Оставшись один, он снова сидел некоторое время в тяжелом раздумье, но вдруг решил выйти из мрака мыслей о смерти в жизнь, окунуться в весну и, может быть, услышать отзвуки будущих мелодий, пусть даже с оттенком реквиема. Ему вдруг остро захотелось увидеть Анну. Последнее время он не переставал думать о ней, словно она посылала Борису невидимые флюиды. Но эта мысль отпадала сама собой: в таком разбитом виде Борис – это уж точно – не мог показаться Анне на глаза. Он снова взял Джульетту и направился в низину холмов.
Борис шел к тому месту, где в последний раз слышал свою симфонию в исполнении старого оркестра.
Весна уже буйно набирала силу. Зелеными звездами горели на березах первые листья. В сиреневых рощах оживленно копошилось, будто на ярмарке, птичье население. Солнечно пылали в чистом небе церковные кресты. Тем нелепее и тяжелее представлялась бродившая поблизости смерть.
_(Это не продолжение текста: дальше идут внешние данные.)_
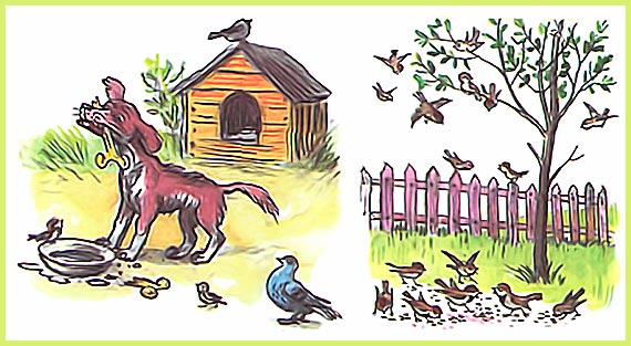 Кость грызёт дворовый Пёс.Воробьи зерно клюют,Там, где только достают,

Ошалевшая от весны Джулька радостно ныряла в бархатные кусты, словно купалась в них. Наверное, не помнила уже запах тренерской крови.
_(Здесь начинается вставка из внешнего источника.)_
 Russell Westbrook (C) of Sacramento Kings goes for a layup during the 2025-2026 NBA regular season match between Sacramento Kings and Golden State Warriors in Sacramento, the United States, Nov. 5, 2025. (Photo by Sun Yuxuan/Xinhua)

И вот тут-то и объявился впервые Боцман. Он вылетел из зеленой чащи и остановился, как припечатанный, обомлев, видно, от ослепительной красоты и грации Джульетты. Потом они, как полагается, обменялись любезностями. По случаю обновления жизни Боцман решил проявить любовь. Но Джулька, как порядочная девушка, кинулась прочь и прижалась к ноге хозяина. Боцман не решился преследовать Джульетту и, оценив ее целомудрие, проводил красотку долгим маслянистым взглядом орехово-зеленых, волчьих глаз. Недалеко от ручья Борис лег прямо в молодую траву и стал смотреть в высокое небо, где далеко от земли плавно кружили ласточки. Он смотрел и слушал. Слух его был напряжен до предела. И вдруг сначала слабые, шероховатые, а затем все более чистые, отчетливые звуки и соцветия мелодий пролились в него сверху. Будто, наконец, снова открылся канал связи с космосом.
Первая тема прозвучала ясно и четко. Борис осторожно привстал, боясь спугнуть услышанное. Будто необыкновенная, легкая бабочка села ему на плечо, но в любую минуту могла слететь прочь. Борис, посидев некоторое время, не шевелясь, впитывал голоса неба, и вдруг, словно ощутив на ногах и в ладонях кровоточащие раны, сорвался с места и стремглав понесся домой. Новый «Сад» прорастал в его душе прочно и торжественно. В нем были все последние события Борисовой жизни, книга, которую перелистывал кто-то запредельной рукой, окрашивая каждую страницу своим цветом.